He will be disappointed.

_Of course I'm fine, I'm just peachy, expect I saw Sherlock last night and he talked to me and that isn't the only crazy thing that has happened in the last few days and I think I'm going insane._

"Fine, just fine," he says.

"That's good, good," Greg says though his tone clearly has a suspicious echo in it.

The phone call ends soon after that. Neither of them really knows how to carry on the conversation. In the end John bails out by appealing to work. Greg apologises hurriedly for taking his time and they disconnect.

John sits in silence for a while, playing with his phone.

That night he returns to the flat like a zombie, dragging his feet up the stairs and into the living room.
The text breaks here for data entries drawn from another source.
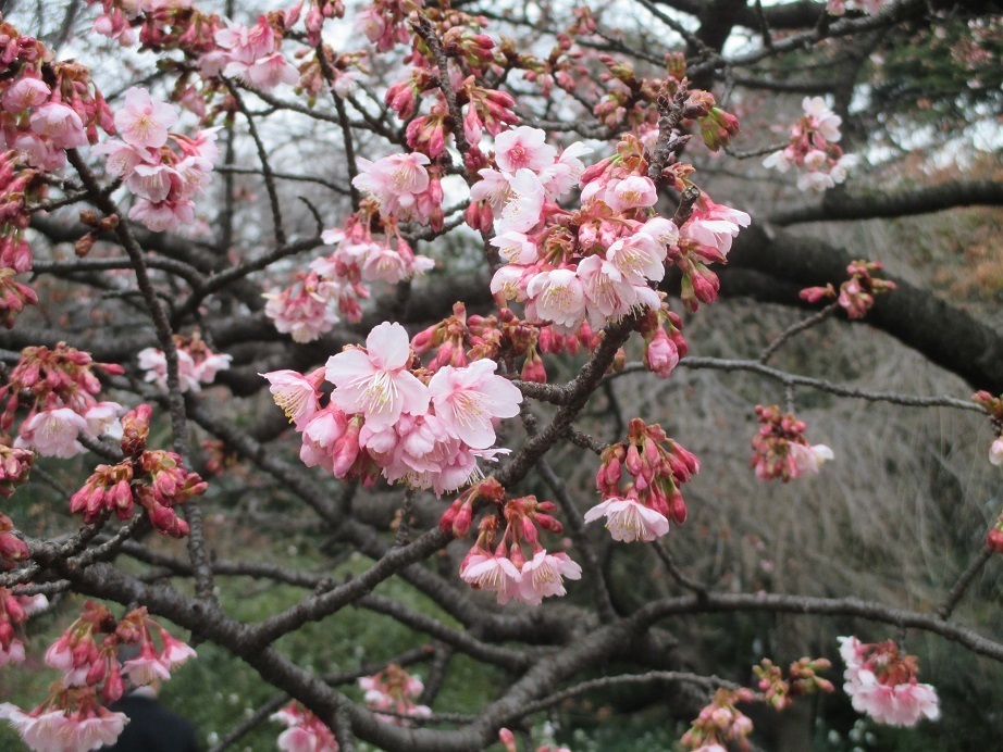 このブログで寒桜を紹介したのは、4回、寒桜の一種である熱海桜を含めると、合計8回紹介しました。しかし撮影日を見ると、1月:2回、2月:5回、3月:1回でした。今年の1月は暖冬の部類に入るのかなと思えてきます。この写真はまだ咲き始めのようですが・・・。
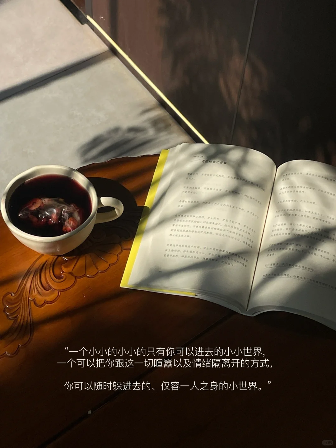 “一个小小的小小的只有你可以进去的小小世界,一个可以把你跟这一切喧嚣以及情绪隔离开的方式,你可以随时躲进去的、仅容一人之身的小世界。”
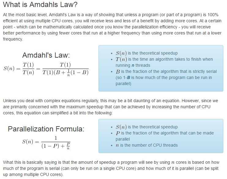 So if "aggregate frequency" is not accurate, what should people use to decide which CPU to purchase? Like we said earlier, there is no magic bullet for this. If your application is CPU-bound (the GPU, HD, and RAM don't impact performance significantly), you could use Amdahl's Law which taken into account the parallel efficiency of the program to calculate the theoretical performance difference between two CPUs. If you are interested in this, we recommend reading our guide on how to use Amdahl's Law. You are still limited to CPUs of the same architecture, it doesn't take into account things like CPU cache, and you have to do a lot of testing up front to determine the parallel efficiency of the program – but this method should be much more accurate than simply multiplying together a CPU's cores and frequency.
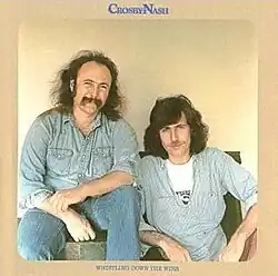 Whistling Down the Wire is the third album by Crosby & Nash, released on ABC Records in 1976, the second of the duo's three-album deal with ABC Records. Cassette and 8-track tape versions of the album were distributed by Atlantic Records, to which Crosby, Stills, Nash & Young were signed. It peaked at No. 26 on the Billboard 200 album chart and was certified gold by the RIAA.[2][3] Two singles were released from the album, "Out of the Darkness" and "Spotlight," of which only the first charted on the Billboard Hot 100, peaking at #89.[4]
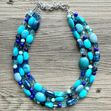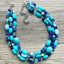 Ocean Blue 3 strand Beaded Statement Necklace, Chunky Bib Multi-Strand Jewelry, blue drop earrings, neutral necklace turquoise aqua navy

He's more than tired, he feels like his brain works on autopilot. He goes to the kitchen and makes tea and sits on his armchair and the TV isn't working and he wonders when the hell he really did began to lose the remains of his sanity.

 

He falls asleep on the armchair. When he wakes up his back and neck are killing him. However, the aching pain is soon forgotten as his eyes settle on the armchair next to his.

Sherlock is once more sitting there, clad in his usual fine clothing and curly dark hair looking black in the darkness of the room.

There's still blood on his face.

"Evening John," he says.

John doesn't say anything for a long time. Instead he closed his eyes and breathes. When he opens them again Sherlock is still sitting in front of him, a patient smile on his face, like he knows exactly what he is trying to do and is waiting for him to snap out of it.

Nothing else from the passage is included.